▸ **Data excerpt**:
* * * * * * *
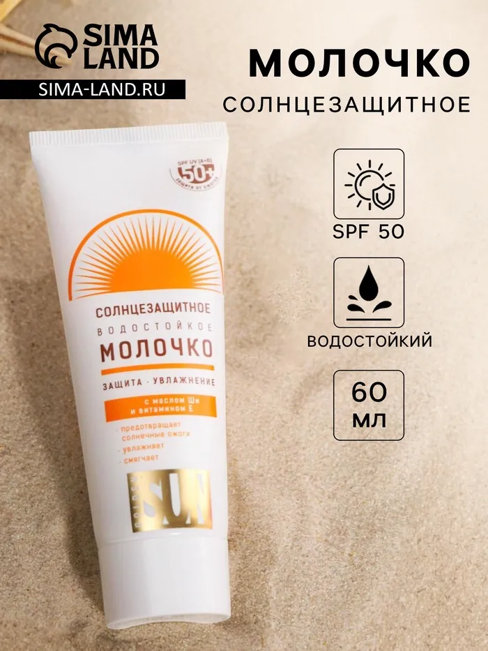 Солнцезащитное водостойкое молочко "Golden Sun", SPF-50+ UV (А+В), 60 мл — Характеристики
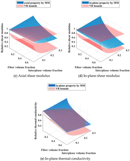 As illustrated in Figure 12, the effective properties predominantly remain within the VR bounds, indicating the validity of the calculations. Nevertheless, there are instances during the computational process where some properties surpass the VR bounds. This is primarily attributed to inappropriate volume fraction configurations, such as an exceptionally low fiber content coupled with a relatively high proportion of interphase. It is also worth noting that for CFRCMCs with varying fiber-interphase volume ratios, the thickness of the interphase will affect the surface/volume ratio of the equivalent fibers, and thus may have an impact on their effective properties and corresponding cross-property relations.
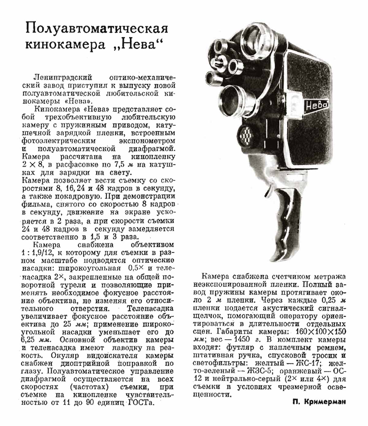 ассчитан на протяжку 2 метров кинопленки. Камера имеет экспонометрическое
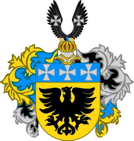 ”… Een Swart Örn med uthsträckte wingar i gull fällt, och deröfwer een blå chef, hwaruthi stå Twenne Kårβ af Sölfwer; ofwan på Skiölden står een öppen Tornerhielm hwaruthur opstijga ett pahr swarta wingar, hwardera medd ett sölfwer Kårβ Zijrade, Krantzen och Lööfwärket är af Gull, Sölfwer, blått och swart, aldehles som detta wapnet med des rätta och egenteliga färgor här hoos står repræsenterat och afmåhlat.”
* * * * * * *
▸ **Problem**: Leaving all pictures aside, print exactly the lines from the one that contains "As illustrated in" through the last line of the data above, inclusive.

▸ **Exercise answer**:
 As illustrated in Figure 12, the effective properties predominantly remain within the VR bounds, indicating the validity of the calculations. Nevertheless, there are instances during the computational process where some properties surpass the VR bounds. This is primarily attributed to inappropriate volume fraction configurations, such as an exceptionally low fiber content coupled with a relatively high proportion of interphase. It is also worth noting that for CFRCMCs with varying fiber-interphase volume ratios, the thickness of the interphase will affect the surface/volume ratio of the equivalent fibers, and thus may have an impact on their effective properties and corresponding cross-property relations.
 ассчитан на протяжку 2 метров кинопленки. Камера имеет экспонометрическое
 ”… Een Swart Örn med uthsträckte wingar i gull fällt, och deröfwer een blå chef, hwaruthi stå Twenne Kårβ af Sölfwer; ofwan på Skiölden står een öppen Tornerhielm hwaruthur opstijga ett pahr swarta wingar, hwardera medd ett sölfwer Kårβ Zijrade, Krantzen och Lööfwärket är af Gull, Sölfwer, blått och swart, aldehles som detta wapnet med des rätta och egenteliga färgor här hoos står repræsenterat och afmåhlat.”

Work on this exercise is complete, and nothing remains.